The main interlacing thrusts of the film are two parallel detective jobs – both tailing unsatisfied wives untrusted by largely-unseen husbands. Of course, those wives are hard not to fall in love with. An angular Audrey Hepburn, striking a dark and refined figure, enchants Russo. Charles falls for the golden, elfin Dorothy Stratten. Hepburn and Stratten are juxtaposed angels, each delicately floating through the sharp-edged city. The detectives stalk in a series of triangular patterns and kinetic gestures, until the desires become irresistible and they force a convergence.
The other private-eye, the boss, the country singer, her band, the out-of-towner, the children, all of course have their own romantic entanglements. Beset by a slew of tempestuous ex-lovers, an affair with a secretary, or googly-eyed strangers across the bar, they each navigate the desires amidst a labyrinthine city. Skating, stalking, seducing, wedding – In Bogdanovich’s New York, everyone gives and finds love freely.

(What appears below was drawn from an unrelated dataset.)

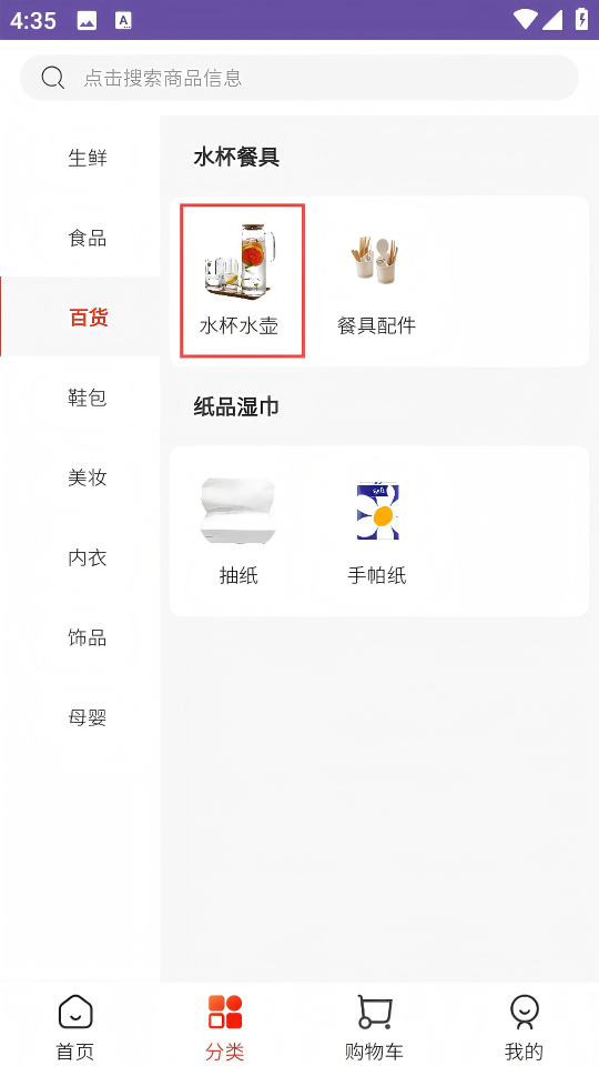 1、进入分类页面,选择【百货】类下的【水杯水壶】分类。
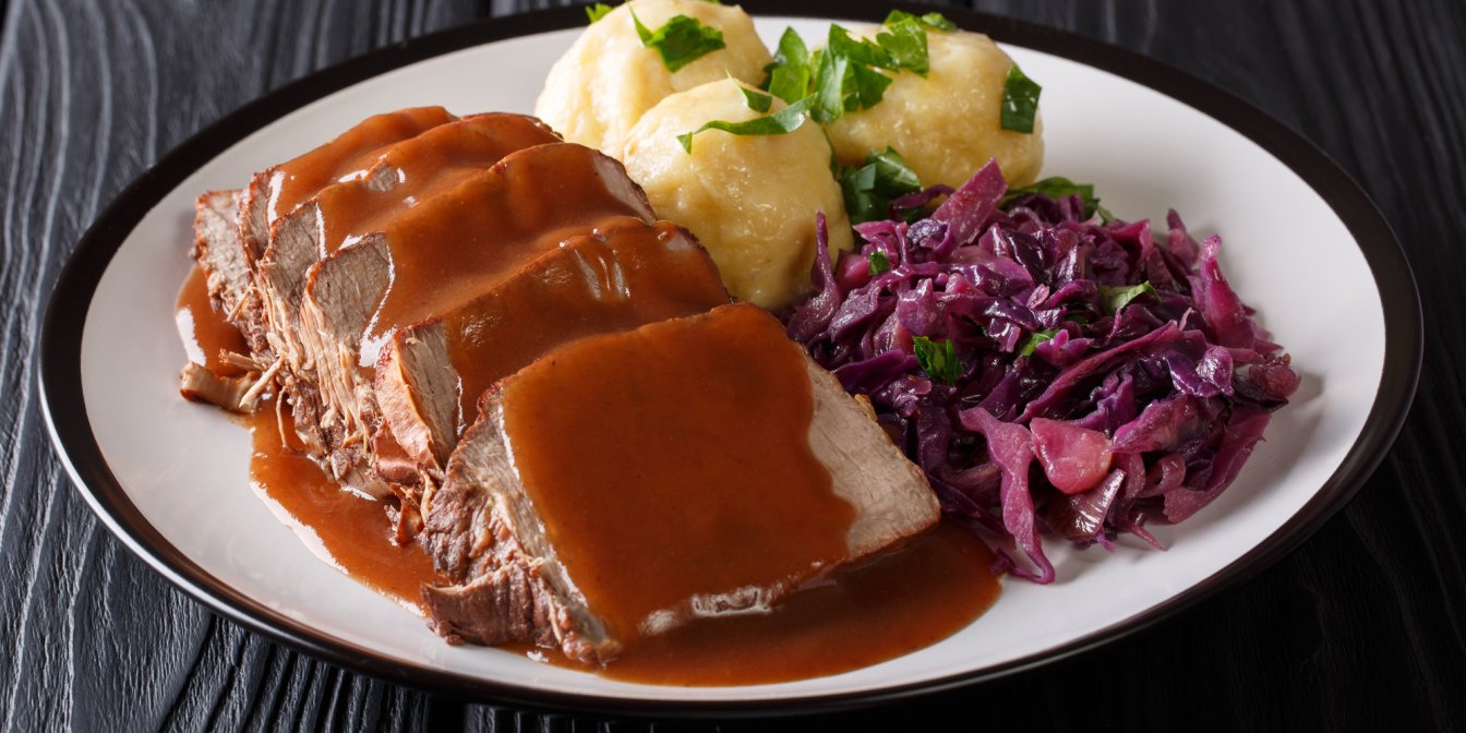 Зауербратен — страва не з простих і не із швидких. Це печеня з яловичини, яка попередньо маринується цілих 2 дні! Проте результат того точно вартий.

The geometric lines that connect and reconnect the ensemble of characters take on an extra dimension as those lines mischievously interweave with the biographical relationships of the cast and crew. Ben Gazzara and Audrey Hepburn had previously had an extramarital affair. Gazzara’s character’s daughters are both played by Bogdanovich’s real daughters. Hepburn’s real son plays Colleen Camp’s character’s love interest. Etc. etc. Bogdanovich sets the film amidst playfully overlapping and intersecting lines of truth and fiction.
For all its playfulness, a macabre cruelty hangs over the film, a foreboding truth that it’s all too good to last. Dorothy Stratten, Bogdanvich’s real life girlfriend, plays the woman for whom Charles is dumbstruck in love. Stratten’s character is partially autobiographical, notable for an abusive and overbearing ex-husband. An ex-husband who would brutally murder Stratten not long after filming was complete – the opening titles of the film announce that it is dedicated to Stratten.
A few years after They All Laughed, Blue Velvet director David Lynch puts the director-detective allegory even more bluntly when Kyle MacLachlan’s Lynch stand-in is mused to: “I don't know if you're a detective or a pervert.” The detective, like the director, is always following their eyes, and the eyes are sexual organs – like MacLachlan’s dilemma between blonde and brunette, cinema is trapped between Desire and Responsibility. Bogdanvich comes up with a simple answer to this dilemma – the detective/director’s job isn’t truth, it’s emotional honesty. Desire is enough. The job, the tryst, the relief, the chance to feel something however briefly, to converge immutable lines, is all we can ask for.
The detectives, like film directors and audiences, are voyeurs, quietly watching their subjects, awestruck and desiring. They find themselves trapped in the seduction of sight, of the overwhelming magnetic sensation of looking. Drawn forward across Manhattan's exacting grid, they find looking turns to loving.
Manhattan itself bears the weight of these invisible forces. Spiritual density begetting a spiritual gravitational force. To Bogdanvich; to Eric Adams; to viewers, voyeurs, stalkers and lookers; to anyone who falls in love at first sight; or to any of us who like to rubberneck, survey, gawp, ogle, or gaze; Manhattan bewitches us. As They All Laughed’s final title card concludes: "We thank the people of Manhattan, on whose island this picture was filmed.”